> [Assigned task]: Please output every line of the material as it stands, without the pictures.

> [Data for processing]:

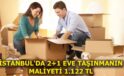 İstanbul’da 1+1 eve taşınmanın ortalama maliyeti 844 lirayı buldu. Ankara’da 836 lira, İzmir’de ise 816 lira oldu. 2+1 eve taşınmanın maliyeti İstanbul’da ortalama 1122 lira, Ankara’da 1072 lira ve İzmir’de 920 lira. İstanbul’da 3+1 ev taşıma maliyeti 1484 lira, Ankara’da 1147 lira ve İzmir’de 1102 liraya çıktı. İstanbullu’nun yüzde 40’ı 2+1, yüzde 30’u 3+1, yüzde 20’si 1+1 eve taşındı.
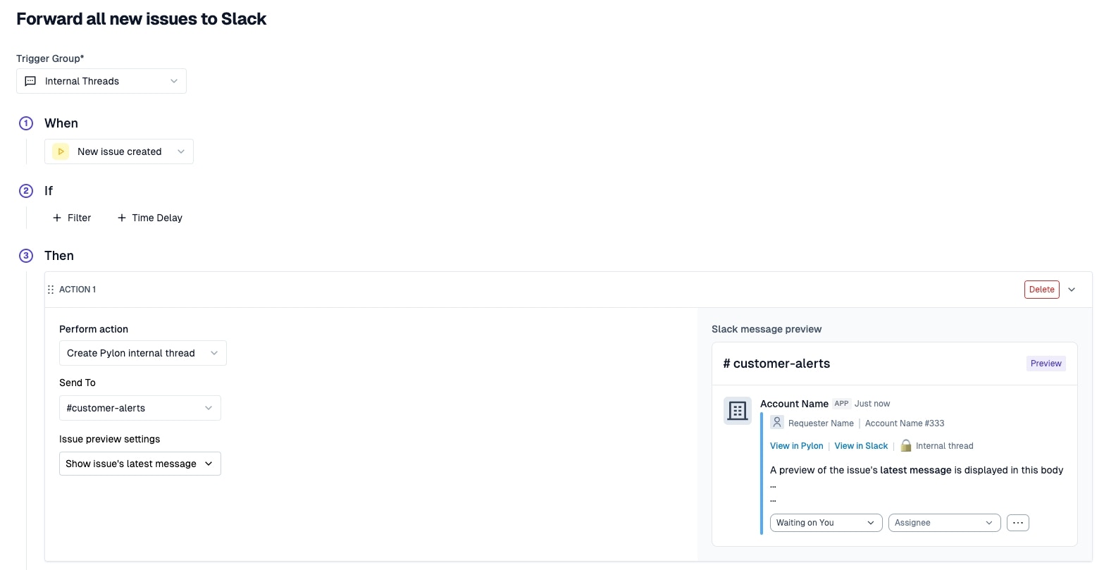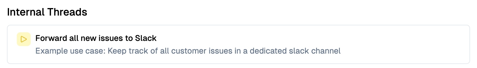 Internal threads are a dedicated threads in Slack to discuss and collaborate on new customer issues internally. All discussion in these threads will be synced back to Pylon! We recommend setting this up prior to connecting any other channels so they’ll be ready to sync as soon as you pull data into Pylon.For Small Teams
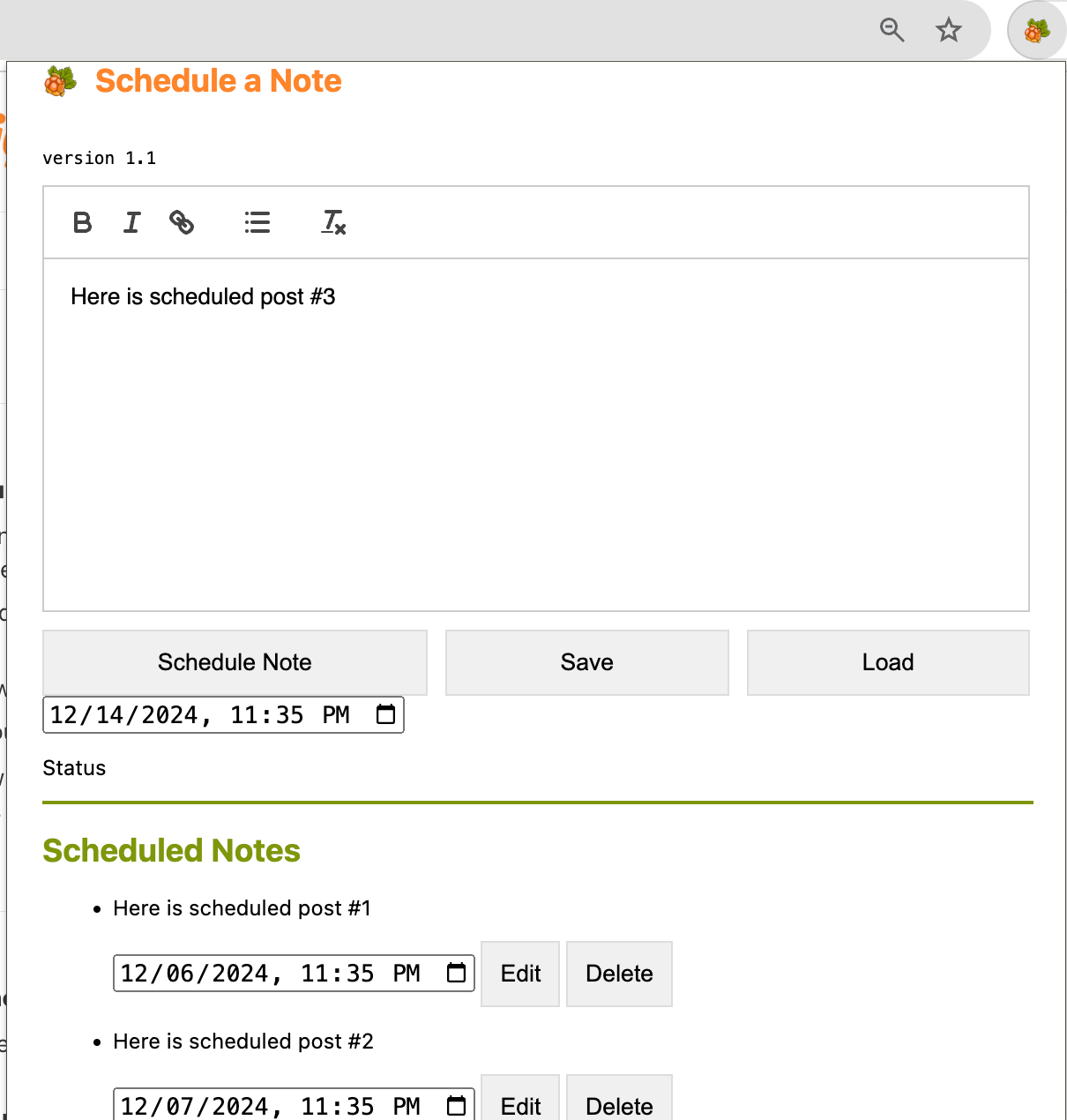 NOTE: You need to leave the Chrome Browser tab running for Scheduled Notes posting to work correctly.
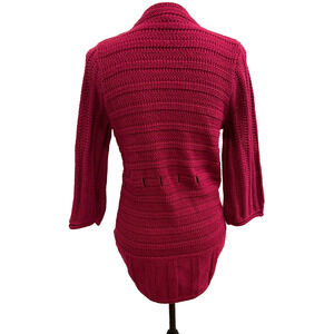 Women's The Sweater Project Open Front Knit Cardigan Mid Length Maroon Size Med
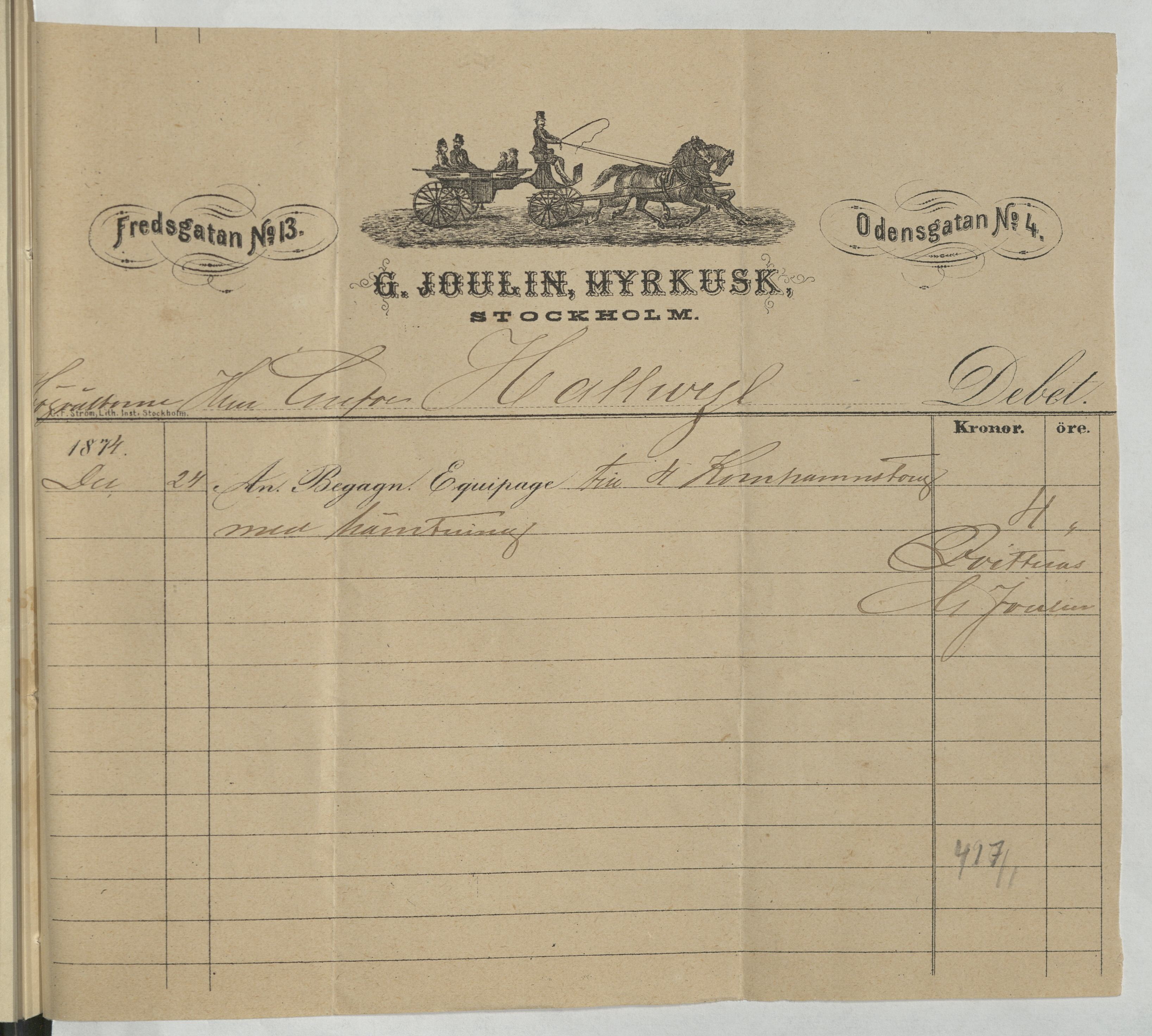 Kvitto från G. Joulin, Hyrkusk. Gällande resa till och från Kornhamnstorg 4. Stockholm, 1874.
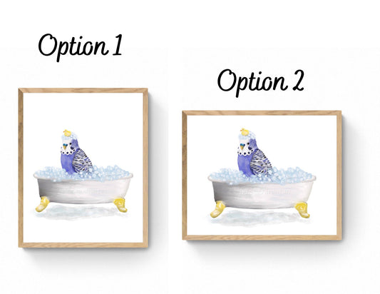 Violet Parakeet Bathing Print, Purple Budgie In Bathtub, Budgerigar Art, Bird Memorial Painting, Bird Relaxing In Bath Print, Bird Lover Art
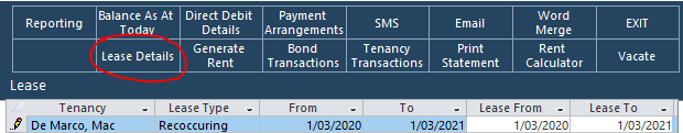 From the Home Screen, click Tenancies, then Manage Tenancies and search for the Tenant with the lease details you want to add. Double click their row to open their Tenancy Screen.
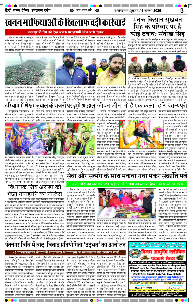 Uttaranchal Darpan Page: 3 January 16, 2026 Home Select Editon रुद्रपुर एडिशन देहरादून एडिशन Page 1Page 2Page 3Page 4Page 5Page 6Page 7Page 8 × Uttaranchal Darpan Full PDF << First << 3 >> Last >> View All Thumbnail

> [Answer space]:
 İstanbul’da 1+1 eve taşınmanın ortalama maliyeti 844 lirayı buldu. Ankara’da 836 lira, İzmir’de ise 816 lira oldu. 2+1 eve taşınmanın maliyeti İstanbul’da ortalama 1122 lira, Ankara’da 1072 lira ve İzmir’de 920 lira. İstanbul’da 3+1 ev taşıma maliyeti 1484 lira, Ankara’da 1147 lira ve İzmir’de 1102 liraya çıktı. İstanbullu’nun yüzde 40’ı 2+1, yüzde 30’u 3+1, yüzde 20’si 1+1 eve taşındı.
 Internal threads are a dedicated threads in Slack to discuss and collaborate on new customer issues internally. All discussion in these threads will be synced back to Pylon! We recommend setting this up prior to connecting any other channels so they’ll be ready to sync as soon as you pull data into Pylon.For Small Teams
 NOTE: You need to leave the Chrome Browser tab running for Scheduled Notes posting to work correctly.
 Women's The Sweater Project Open Front Knit Cardigan Mid Length Maroon Size Med
 Kvitto från G. Joulin, Hyrkusk. Gällande resa till och från Kornhamnstorg 4. Stockholm, 1874.
 Violet Parakeet Bathing Print, Purple Budgie In Bathtub, Budgerigar Art, Bird Memorial Painting, Bird Relaxing In Bath Print, Bird Lover Art
 From the Home Screen, click Tenancies, then Manage Tenancies and search for the Tenant with the lease details you want to add. Double click their row to open their Tenancy Screen.
 Uttaranchal Darpan Page: 3 January 16, 2026 Home Select Editon रुद्रपुर एडिशन देहरादून एडिशन Page 1Page 2Page 3Page 4Page 5Page 6Page 7Page 8 × Uttaranchal Darpan Full PDF << First << 3 >> Last >> View All Thumbnail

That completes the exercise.